In reality, more people are like the woman who told the Associated Press, “I finally caught up on my bills and could go on a bit of a spending spree”—$500 in moderately priced clothes and shoes, and $500 in nonperishable pantry goods. Those nonperishables like ketchup and sugar are telling: This is someone who is still worried about what’s coming. And six in 10 people reported to a Bankrate survey that the $1,400 checks would only last them three months, while one in three said the money wouldn’t last a full month. Women in particular, hit hard by the COVID-19 economy, were expecting to use the money to pay for monthly bills and essentials.

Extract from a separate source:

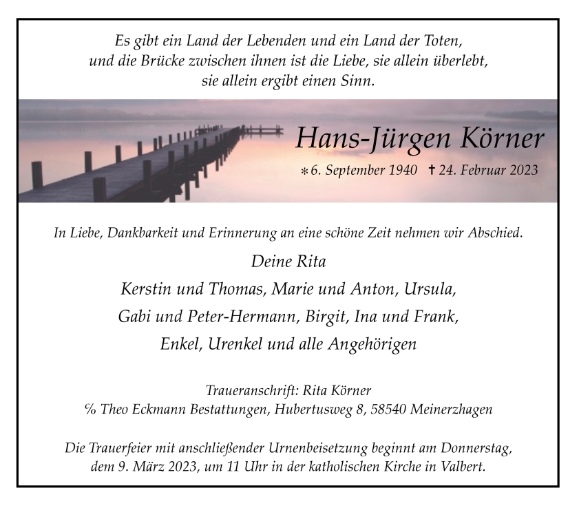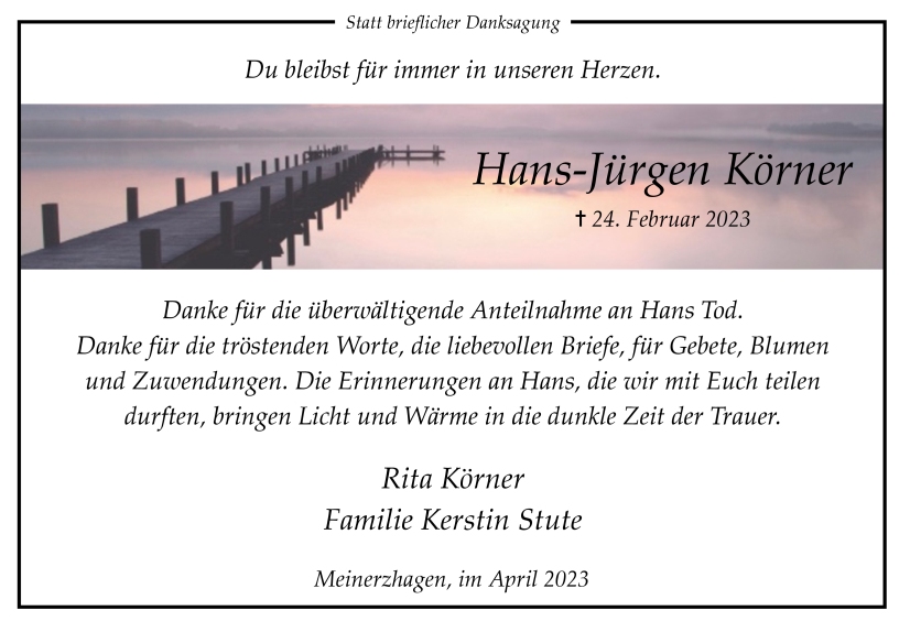 in diesen Tagen fühlen wir mit Ihnen und wünschen Ihnen von Herzen, dass Sie aus den glücklichen Erinnerungen Kraft schöpfen, um positiv in die Zukunft zu gehen. Diese Gedenkseite möge Ihnen dabei helfen, Ihre Trauer zu teilen und das Andenken gemeinsam wachzuhalten.

Despite the relatively small fraction of the COVID-19 relief money that people were planning on spending on consumer goods, let alone nonessential ones, though, it was enough for that expectations-exceeding retail spending surge. Sporting goods stores were the biggest beneficiaries, with spending spiking by 23.5%. Next came clothing stores, with an 18.3% increase; motor vehicles and parts dealers rose by 15.1%; and restaurants and bars saw a 13.4% increase, with rising vaccination rates likely contributing to people feeling safer going out.
These spending increases could in turn fuel a retail jobs recovery—and in fact, March saw the largest jobs numbers in seven months. That’s not all that matters here, though. This spending represents a moment of rising hopefulness for people who have been scared not just about a deadly virus but about paying the rent or the mortgage and feeding their families. And while Congress only passed one-time relief checks, many families with children will soon start seeing the results of the expanded child tax credit, helping keep them afloat even if the economic recovery takes some time to fully materialize.